Veg Au Gratin Recipe Baked Macaroni Casserole

This baked casserole recipe is something both my Aunts are especially good at making. When I was a kid I was a really fussy eater! This was one way, I used to have so many vegetables all at once.  The recipe is very easy to make and it is a great party hit. Whenever my aunt has called someone home, she has made this and served it along with garlic bread. The combination is divine. It is a longer recipe, I’ve divided it into 4 sections.
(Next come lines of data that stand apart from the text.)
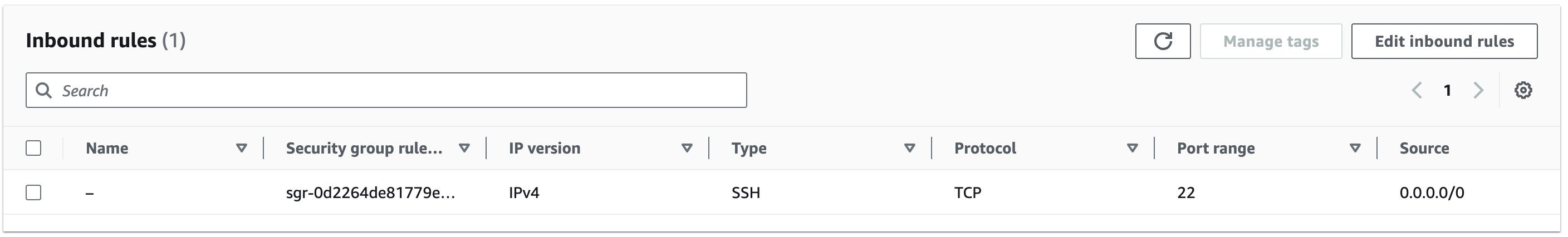 inbound rule로 22번(SSH) 포트만 허용합니다. 인스턴스로 SSH 연결만 한다는 가정으로 ssh inbound rule만 유지되게 만드는 것입니다.
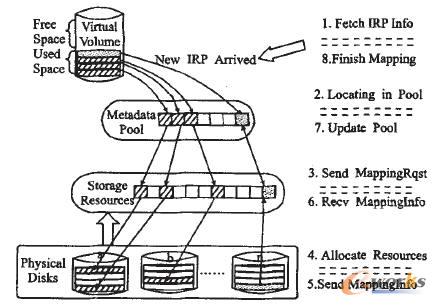 為了實(shí)現(xiàn)這一功能特性,VA要在MAGICDISK模塊為虛擬卷的一系列邏輯空間地址段維護(hù)統(tǒng)一的元數(shù)據(jù)存儲(chǔ)池,從MDS端獲得的每一段映射信息都保存在這個(gè)存儲(chǔ)池當(dāng)中,每當(dāng)上層應(yīng)用程序?qū)壿嫷刂房臻g的需求有所增長(zhǎng)時(shí),都要利用AUI向MDS發(fā)送新的映射請(qǐng)求,MDS在接收到該請(qǐng)求信息后,就會(huì)在統(tǒng)一存儲(chǔ)池中動(dòng)態(tài)地再分配一部分存儲(chǔ)資源并將映射信息發(fā)還給VA。
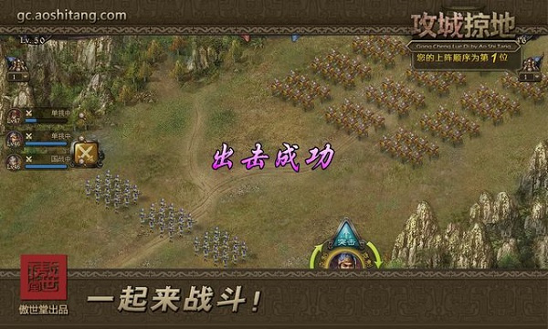 国战里防守方玩家能选择主动出击,出击有相应的成功概率,而且每次出击都会有特定的冷却时间。要是出击成功,战斗就会开启和对方战斗队列里某个玩家的单挑模式。那些按捺不住被大军攻城、想靠自己的勇武来削弱敌方战力的玩家,选好时机,出击吧!
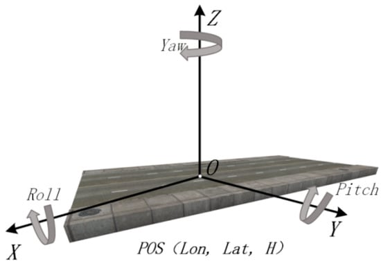 The spatial orientation constraint adopts the spatial coordinate information and three-dimensional attitude information (pitch angle, yaw angle and roll angle) of different physical objects in the highway model. Then, the matching of the spatial position registration and spatial pose between different entity objects can be achieved under a unified geographic reference coordinate system. The yaw angle, pitch angle and roll angle in spatial posture represent rotation around the Z-axis (vertical axis), Y-axis (latitude direction) and X-axis (longitude direction), respectively. The spatial position and spatial attitude are shown in Figure 5.

The first is the bread crumbs, next boiling the spinach and veggies, next making the white sauce or béchamel or Alfredo sauce, followed by cooking the pasta and lastly assembling the dish to go into the oven.  You can pick your veggies for this recipe, these are the veggies I like the most, so I added them. The spinach can be replaced by any other fresh herb as well, such as Basil, Oregano.  My secret 🤫 ingredient for this recipe is, Maggie Magic Masala. Par boiling the veggies in it, gives it another taste. Adding some of the cooked water with the sauce, gives it a more deep taste.  Do not skimp on the cheese, whatever cheese you like you can add it, but do not miss the mozzarella cheese. I’ve added Parmesan, Cheddar and Mozzarella. This is one of those recipes, if you have a microwave oven, you can make it too! [recipe_card]

Veg Au Gratin Recipe

Ingredients
  

  • 5 slices of bread
  • 25 spinach leaves cleaned and cut
  • 1 potato cubed
  • 12 French beans cut
  • 2 carrots cut
  • 1/4 cup frozen peas
  • 1/4 cup frozen corn
  • 1 litre of water to cook veggies
  • 1 packet Maggie Magic Masala
  • 250 grams of Elbow Macaroni
  • 4 tablespoons of maida or all purpose flour
  • 4 tablespoons of unsalted butter
  • 1 teaspoon freshly ground pepper
  • Half a grated nutmeg
  • Salt per taste
  • 1 cube of cheddar cheese
  • 1/4 cup grated parmesan
  • 100 grams of mozzarella

Instructions
 

Method

    Steps to make Veg Au Gratin or Baked Macaroni and Cheese Recipe

    • In a pan add 2 tablespoons of butter, add 5 slices of Bread with crust
    • Roast till turns to golden brown and crumbles,
    • Next in a vessel boil water
    • A and dd 25 cleaned and cut spinach leaves
    • Cook for around 4-5 minutes, drain the water and keep aside
    • Next add around a litre of water, after it is warm
    • Add 1 cut potato and 12 cut green beans
    • Add 1 packet Maggie Magic Masala
    • Boil for 5 minutes
    • Next add 1/4 cup frozen corn and green peas and 2 cut carrots
    • Par boil for around 5 minutes
    • Drain the water to another bowl and strain the veggies
    • Next in a pan or kadai add 4 tablespoons of unsalted butter
    • Let it melt, add 4 tablespoons of sifted Maida or All Purpose Flour and mix
    • Just when it starts to bubble switch the flame off and 3 cups of warm milk
    • Keep stirring it, Next add half a grated nutmeg or jaikai
    • Next add 1 teaspoon of freshly ground pepper, keep stirring
    • Add salt per taste and mix
    • After 5 minutes, add 1 grated cube of cheddar cheese
    • Let it thicken, keep stirring
    • Add 1-2 ladles of the vegetable stock, stir it and keep aside
    • Pre heat oven to 200C for 20 minutes
    • Boil the pasta per packet instructions, I used MTRs Macaroni
    • I used about 250 grams for this recipe
    • Next you need drain it and keep aside
    • I’ve used 1/4 cup grated Parmesan, 100 grams of Mozzarella cheese
    • Keep all your prepped ingredients ready
    • Butter the casserole dish
    • Add a layer of spinach, add some veggies and add the cooked macaroni,
    • Add the sauce evenly, over the dish
    • Add 1 last layer of Spinach
    • Add cheese I have used 1/4 cup grated Parmesan, 100 grams of Mozzarella cheese
    • Repeat the process, the last layer add some bread crumbs and some more mozzarella on top
    • Bake in an oven at 200C for 20 minutes
    • Let it cool for 10 minutes
    • The dish is now ready to serve!